- STORED DATA -

* * * * *

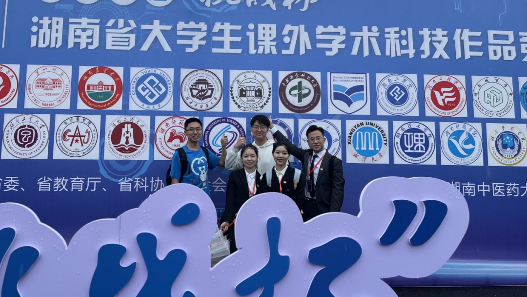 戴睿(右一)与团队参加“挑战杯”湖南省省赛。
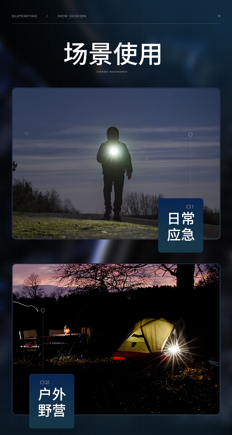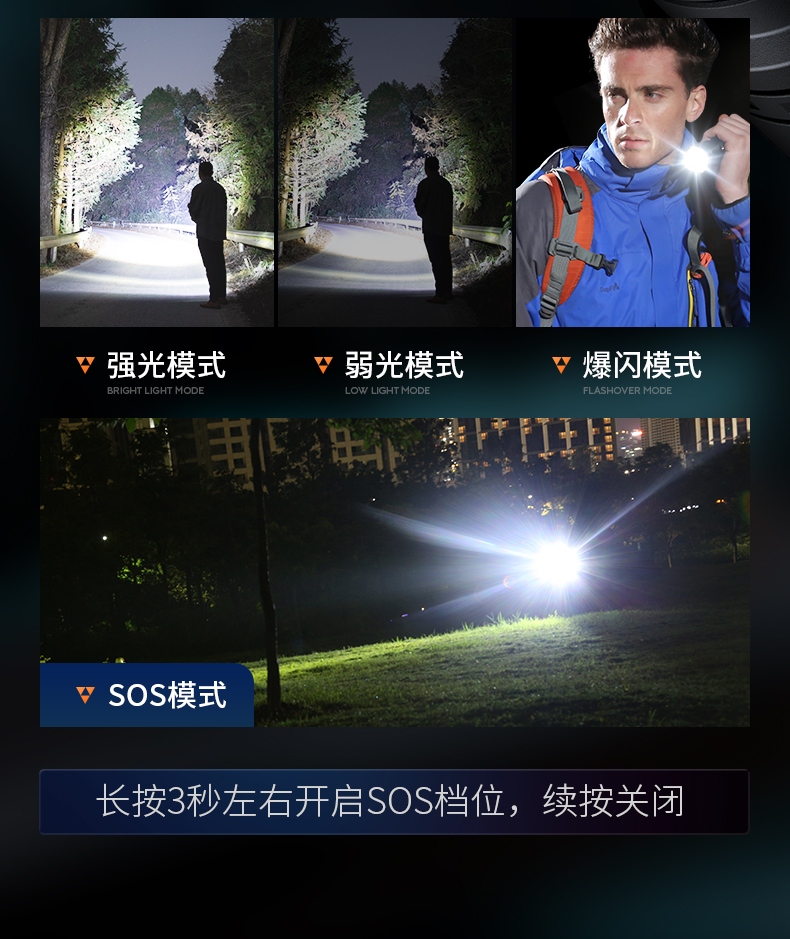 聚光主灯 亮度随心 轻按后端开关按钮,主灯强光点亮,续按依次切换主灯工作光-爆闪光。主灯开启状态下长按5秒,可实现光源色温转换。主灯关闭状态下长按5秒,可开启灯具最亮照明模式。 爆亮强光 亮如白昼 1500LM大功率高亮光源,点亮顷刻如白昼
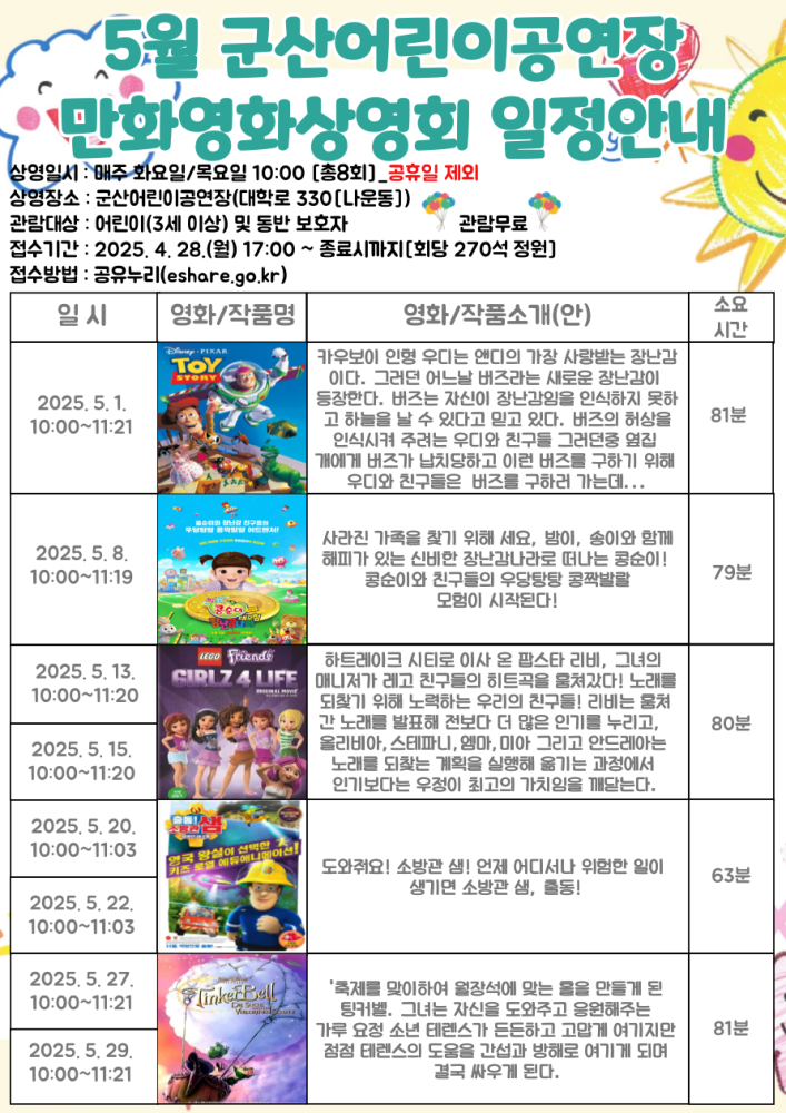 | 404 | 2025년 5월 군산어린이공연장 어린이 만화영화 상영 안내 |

* * * * *

- PROBLEM TO WORK ON -
Drop the images; restate the listing exactly.

- OUTPUT -
 戴睿(右一)与团队参加“挑战杯”湖南省省赛。
 聚光主灯 亮度随心 轻按后端开关按钮,主灯强光点亮,续按依次切换主灯工作光-爆闪光。主灯开启状态下长按5秒,可实现光源色温转换。主灯关闭状态下长按5秒,可开启灯具最亮照明模式。 爆亮强光 亮如白昼 1500LM大功率高亮光源,点亮顷刻如白昼
 | 404 | 2025년 5월 군산어린이공연장 어린이 만화영화 상영 안내 |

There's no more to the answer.